As terrorists continued attacks, violence increased this month
The ceasefire had an opposite effect than intended. From 18 terror incidents during April 17-May 17, it shot up to more than 50 in the next 30 days. The number of grenade attacks (20) was the highest in a month in two years. The 41 killed included 24 terrorists from Lashkar-e-Taiba, Hizbul Mujahideen, Jaish- e -Mohammad and Al Badr, and nine security personnel.
The killings made news for their audacity too
The type of killings triggered mass anger. On Shab-e-Qadr (Wednesday), the 'night of blessings', two non-combat policemen guarding a Pulwama court were shot dead. Thursday, esteemed journalist Shujaat Bukhari, 'Rising Kashmir' editor, was gunned down in Srinagar's highly-guarded Press Colony.
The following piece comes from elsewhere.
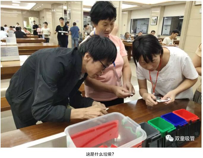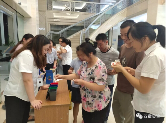 在活動現場,員工們要在有(yǒu)限的時(shí)間內,將“垃圾”卡片投入寫著“廚餘垃圾”、“其他垃圾”、“可回(huí)收垃(lā)圾”、“有害垃圾“的垃圾桶中,這可是(shì)一個不小的挑(tiāo)戰哦!

In Shopian, Rashtriya Rifles jawan Aurangzeb, who was on leave, was abducted from his way home on Eid. His bullet-riddled body was found later.
Only drop seen in civilian killings by security forces
In fact, the only drop this month was seen in civilians killed by security forces. Four people died, two of them in the last week itself. Compared to 200 stone-pelting incidents during Ramzan 2017, there were 60 this time.
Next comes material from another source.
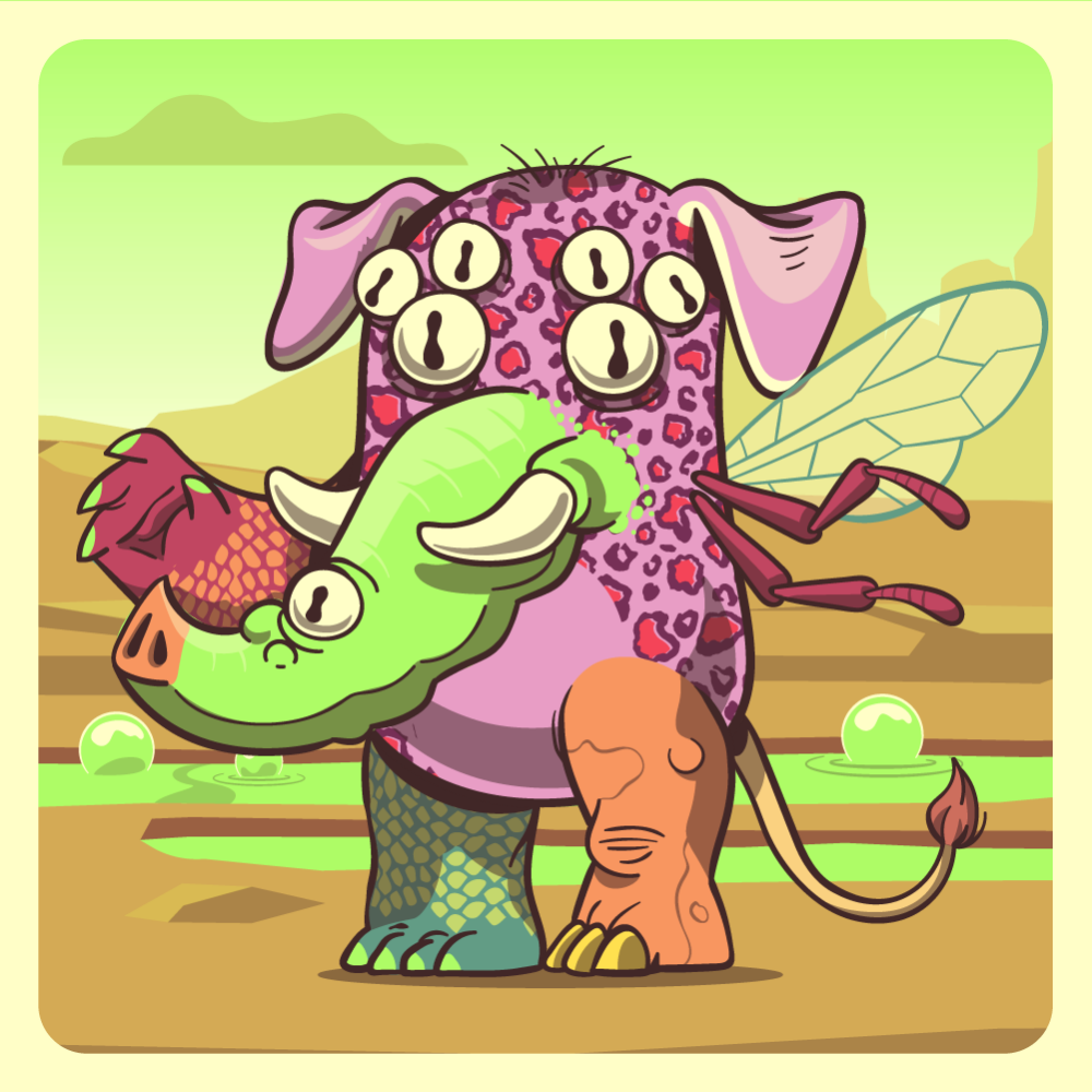 This mutant might have been a Leopard. It features white spider eyes, fluo elephant trunk, pink dog ears, red bee wing, red crocodile arm, orange rhino leg, green crocodile leg and a orange lion tail.

Decision to resume operations taken after high-level meet with Modi
After a high-level meeting chaired by the PM Friday on the security situation in Kashmir, Rajnath Singh announced yesterday they are resuming operations. The ministry commended the forces for showing "exemplary restraint during Ramazan despite grave provocations," but noted "terrorists have continued with their attacks." Singh iterated the government is "committed to working for creating an environment free of terror and violence in J&K."
Government decision apparently hits plans of separatists hard
This might cause some worry for separatists too. According to reports, leaders Mirwaiz Umar Farooq, Yasin Malik and Syed Ali Shah Geelani were planning to meet this upcoming week to decide on the government's offer of peace talks. "But Bukhari's killing has cast a shadow on everything," an anonymous separatist told HT. Farooq has demanded an "international and impartial probe to nab Shujaat's killers."